◆ **Data section**

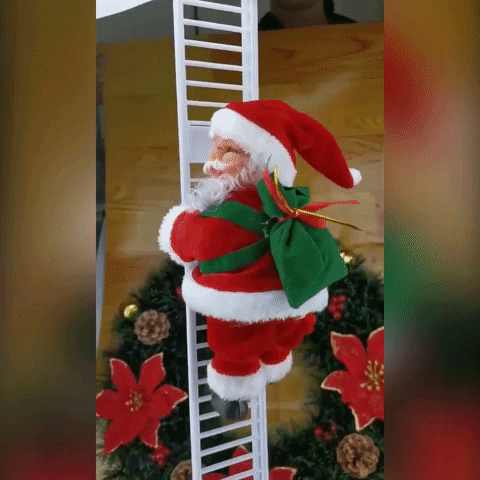 Babbo Natale, carico di doni, sale in automatico la scala al suono della musica, creando così la classica atmosfera natalizia.
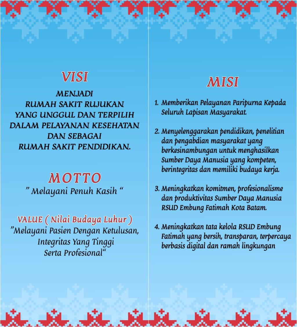 - Meningkatkan komitmen, profesionalisme dan produktivitas Sumber Daya Manusia RSUD Embung Fatimah Kota Batam.
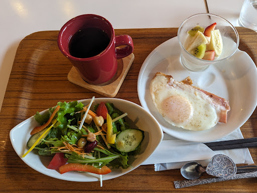 Read more朝早くから開いている老舗パン屋さん、なんと創業100年だそうです。 水曜日と第1、第3日曜が休み。第5日曜は営業してました。 モーニングにサラダプレートとコーヒーを頂きました。柔らかいチキンと柑橘系のドレッシングが美味しかったです!購入したパンも食べようかと思いましたが、お腹いっぱいになったのでお持ち帰りにしました。 パンはたくさん種類があって、お値段もリーズナブル。

◆ **Brief**
Only the pictures should be left out; the rest of the material above must be repeated exactly.

◆ **Response for this exercise**
 Babbo Natale, carico di doni, sale in automatico la scala al suono della musica, creando così la classica atmosfera natalizia.
 - Meningkatkan komitmen, profesionalisme dan produktivitas Sumber Daya Manusia RSUD Embung Fatimah Kota Batam.
 Read more朝早くから開いている老舗パン屋さん、なんと創業100年だそうです。 水曜日と第1、第3日曜が休み。第5日曜は営業してました。 モーニングにサラダプレートとコーヒーを頂きました。柔らかいチキンと柑橘系のドレッシングが美味しかったです!購入したパンも食べようかと思いましたが、お腹いっぱいになったのでお持ち帰りにしました。 パンはたくさん種類があって、お値段もリーズナブル。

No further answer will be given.